= John Baxter (marine biologist) =

Scottish marine biologist

John M Baxter is a Scottish marine biologist and was (now retired) the principal adviser - marine for Scottish Natural Heritage. He is the chief editor (marine) for the international journal Aquatic Conservation: Marine and Freshwater Ecosystems.

With Scottish Natural Heritage, Baxter was involved with the delivery of numerous policy initiatives including the Marine (Scotland) Act 2010 requirements to designate Marine Protected Areas, the EU Marine Strategy Framework Directive and Habitats Directive. He is a member of several advisory groups including the MASTS International Advisory Committee, the Special Committee on Seals and MarLIN Steering Group.

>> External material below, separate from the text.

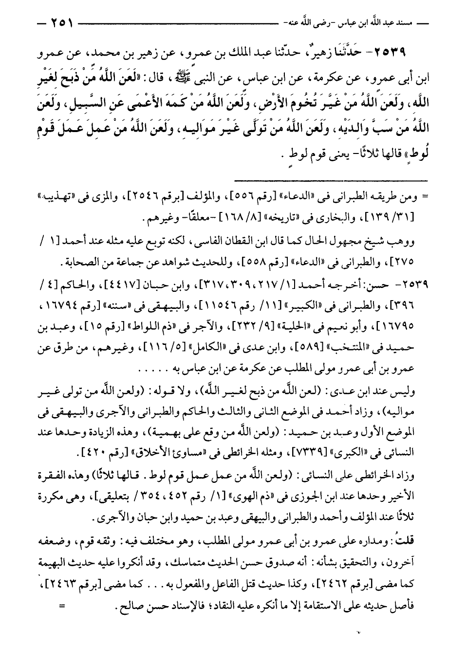 ٢٥٣٩ - حَدَّثَنَا زهيرٌ، حدّثنا عبد الملك بن عمرٍو، عن زهير بن محمدٍ، عن عمرو بن أبى عمرو، عن عكرمة، عن ابن عباسٍ، عن النبي - صلى الله عليه وسلم -، قال: "لَعَنَ اللَّهُ مَنْ ذَبَحَ لِغَيْرِ اللَّهِ، وَلَعَنَ اللَّهُ مَنْ غَيَّرَ تُخُومَ الأَرْضِ، وَلَعَنَ اللَّهُ مَنْ كَمَهَ الأَعْمَى عَنِ السَّبِيلِ، وَلَعَنَ اللَّهَ مَنْ سَبَّ وَالِدَيْهِ، وَلَعَنَ الله مَنْ تَوَلَّى غَيْرَ مَوَالِيهِ، وَلَعَنَ اللَّهُ مَنْ عَمِلَ عَمَلَ قَوْمِ لُوطٍ" قالها ثلاثًا - يعنى قوم لوطٍ.

He is a Trustee of the Scottish Seabird Centre, a marine conservation and education charity which is based in North Berwick, East Lothian.

Baxter works with various marine climate change groups to provide scientific evidence and advice to politicians and policy makers, including The MarClim Survey in Scotland, he is chair of the expert advisory panel for the UK Marine Climate Change Impacts Partnership and vice-chair of the Ocean Acidification - International Reference User Group. Baxter is also a trustee at the Scottish Seabird Centre in North Berwick.

Baxter has published numerous papers and was co-editor of Scotland's Marine Atlas.

In 2014 he became an honorary professor at the University of St Andrews and Heriot-Watt University.